Wow, those original Implementors really thought of a lot, especially for their time, but even in general, even in the company of their contemporaries, i.e., Wumpus and Adventure, the original MUD (probably? not sure – they certainly had a common ancestor), D&D and the tabletop world of the day. It may be a silly little world with silly fantasy that got away with being shallower than tabletop RPG fantasy would typically be allowed to me, silly jokes in bad taste, etc. – but those simple gameplay elements made for spontaneous dynamics centered around especially randomization and the the non-linear exploration routes. And those dynamics made the whole thing a lot deeper than the sum of its parts would suggest.
Right, the underlying room-based command mechanism was quite obvious in MUDs. A lot of simple MUDs had room descriptions or signs in the rooms that would helpfully tell players what special things they could do in that room. For a little while I played MUDs heavily… and while their syntax was different and probably inferior in most regards to most text adventure parsers… they definitely evolved a form of syntactic convenience that worked for them when it worked… but that was then, right?

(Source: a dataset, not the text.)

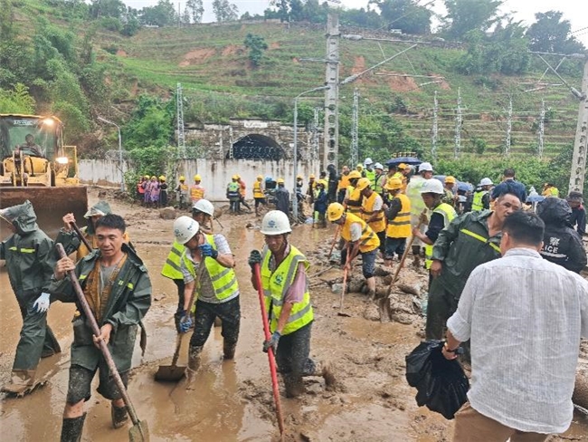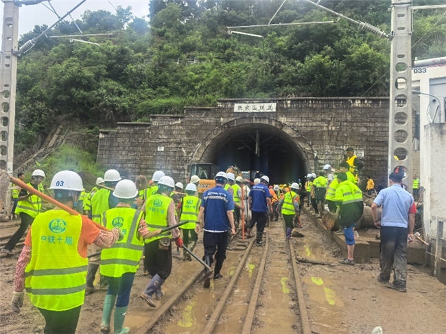 中铁十局临沧物流园项目迅速响应国铁昆明局广通工务段抢险号召,组织35名抢险人员携带抢险应急物资和工器具,在红豆山隧道出口和张家山隧道进口段展开了一场与时间赛跑的抢险救灾行动。

Are there seriously any MUDs left? Has anyone been paying attention? Is this what happened to the dodo birds?
Another bit of trivia: If I read the ZIL code correctly (specifically ROB, STEAL-JUNK and I-SWORD), the thief is much more likely to take the sword if you are carrying it. That’s because it uses the TVALUE property to store the “glowiness” of the sword (0 = not glowing, 1 = glowing faintly, 2 = glowing brightly), and in the thief’s eyes that makes it a treasure while it’s glowing.
ROB is used in a bunch of places, not just for the thief. E.g. if you disturb the skeleton, ROB is applied to the player and the room, destination Hades. I guess that would include the sword if it’s glowing?
On the other hand, the sword doesn’t react to the thief unless you spot him. In some cases (“he quietly abstracted some valuables…”) the thief robs you and leaves without ever being spotted.
STEAL-JUNK only steals non-treasures; it’s only applied to rooms, not your inventory. It is possible for the sword to be glowing on the floor. (If you drop it glowing, it stays glowing.) So this is a related quirk.
I tried using this to obtain a permanently glowing sword - just for the cool factor. Dropping the sword in the troll room and killing him with the knife results in the sword staying brightly glowing, but alas it goes out if you pick it up.
Probably? I wonder if that could also be used to separate the stiletto from the thief, if you knock him unconscious first. I’ve been wondering why there’s a special case for if the player is carrying the stiletto in THIEF-VS-ADVENTURER, because I thought you could only get it after the thief was dead.
I didn’t realize that! The sword seems to have been the source of a fair share of headaches. I noticed in Zork III that the sword daemon doesn’t start when you first get the sword. Only when you pick it up. So if you walk to an “infested” room, it won’t start glowing until you drop it and pick it up again.
I also remember being impressed in Zork III that the sword would start glowing when I told the Dungeon Master to set the dial because I thought “oh, the game realizes I’m trying to do something dangerous here”. But no, now I think it’s just that for a brief moment the Dungeon Master is the WINNER, and the sword daemon checks if hisHERE is “infested”. Which it is. By him.